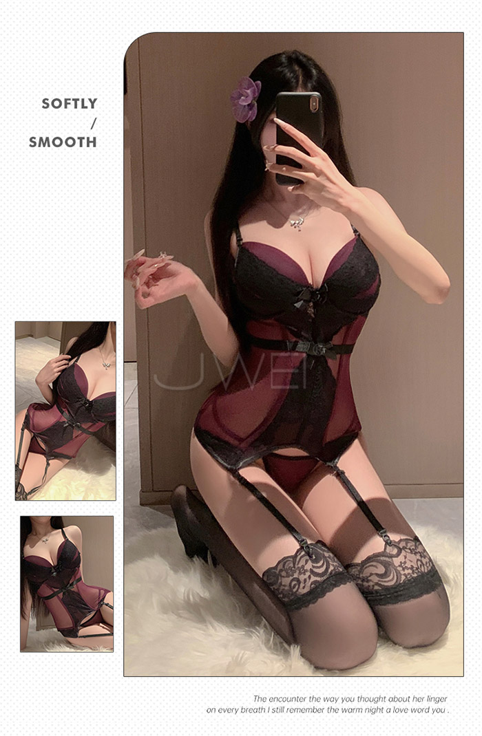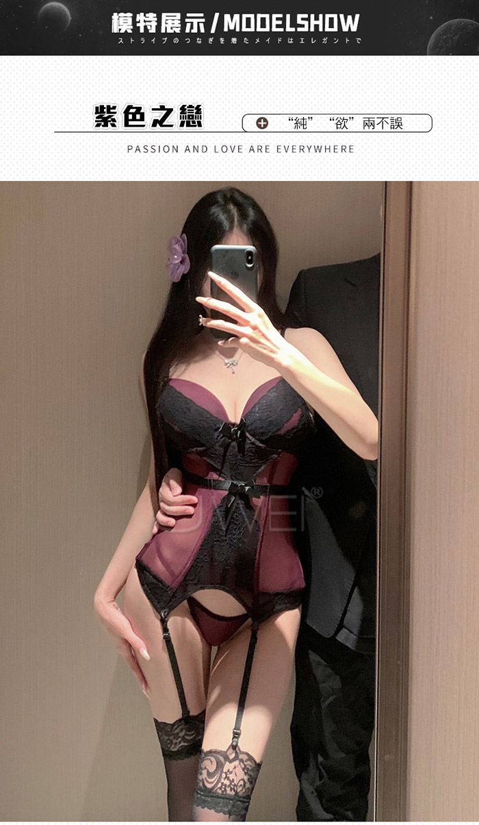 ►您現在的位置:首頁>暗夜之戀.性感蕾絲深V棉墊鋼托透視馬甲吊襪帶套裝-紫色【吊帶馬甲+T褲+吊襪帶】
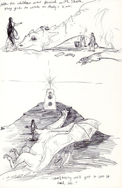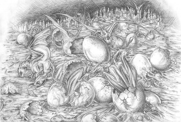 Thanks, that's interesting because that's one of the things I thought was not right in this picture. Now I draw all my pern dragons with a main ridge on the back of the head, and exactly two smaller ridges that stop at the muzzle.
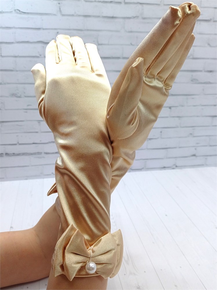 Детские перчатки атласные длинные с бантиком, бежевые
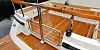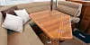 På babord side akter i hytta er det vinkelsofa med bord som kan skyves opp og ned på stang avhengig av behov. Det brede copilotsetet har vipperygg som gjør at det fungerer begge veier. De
--
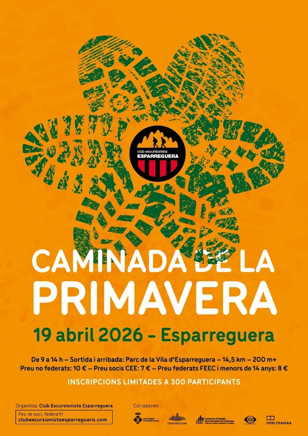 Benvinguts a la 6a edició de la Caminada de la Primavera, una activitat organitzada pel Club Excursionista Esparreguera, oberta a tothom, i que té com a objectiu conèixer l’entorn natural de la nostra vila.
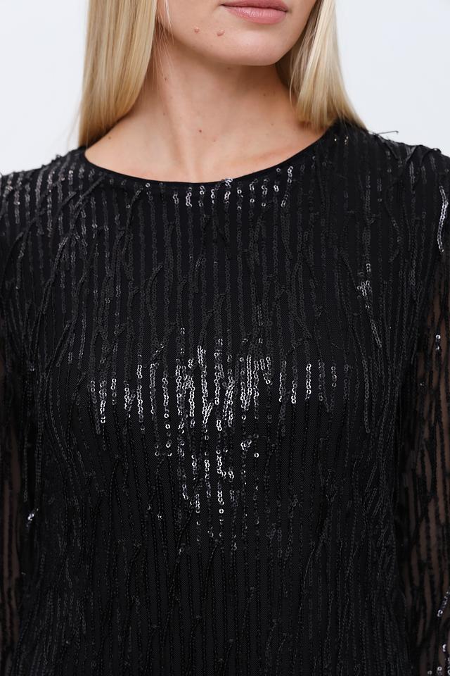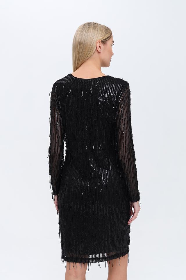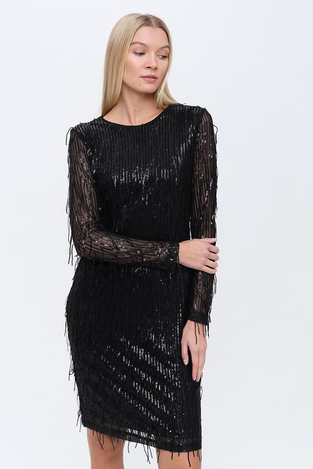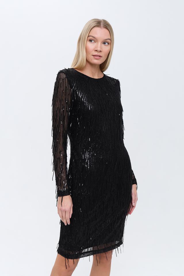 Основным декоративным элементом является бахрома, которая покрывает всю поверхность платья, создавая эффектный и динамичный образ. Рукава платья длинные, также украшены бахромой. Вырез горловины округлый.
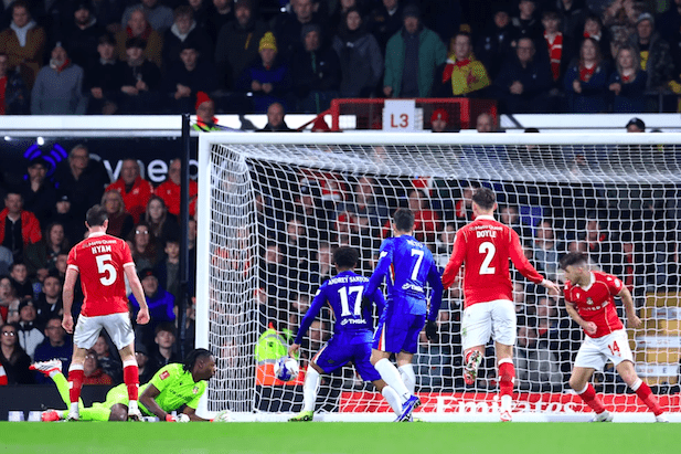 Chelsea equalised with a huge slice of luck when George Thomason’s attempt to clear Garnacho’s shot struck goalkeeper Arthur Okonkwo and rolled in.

• [Work instruction]
From the records above, copy only the lines running from the line holding "Основным декоративным элементом" through the line holding "Chelsea equalised with", with no pictures.

• [Result for this exercise]
 Основным декоративным элементом является бахрома, которая покрывает всю поверхность платья, создавая эффектный и динамичный образ. Рукава платья длинные, также украшены бахромой. Вырез горловины округлый.
 Chelsea equalised with a huge slice of luck when George Thomason’s attempt to clear Garnacho’s shot struck goalkeeper Arthur Okonkwo and rolled in.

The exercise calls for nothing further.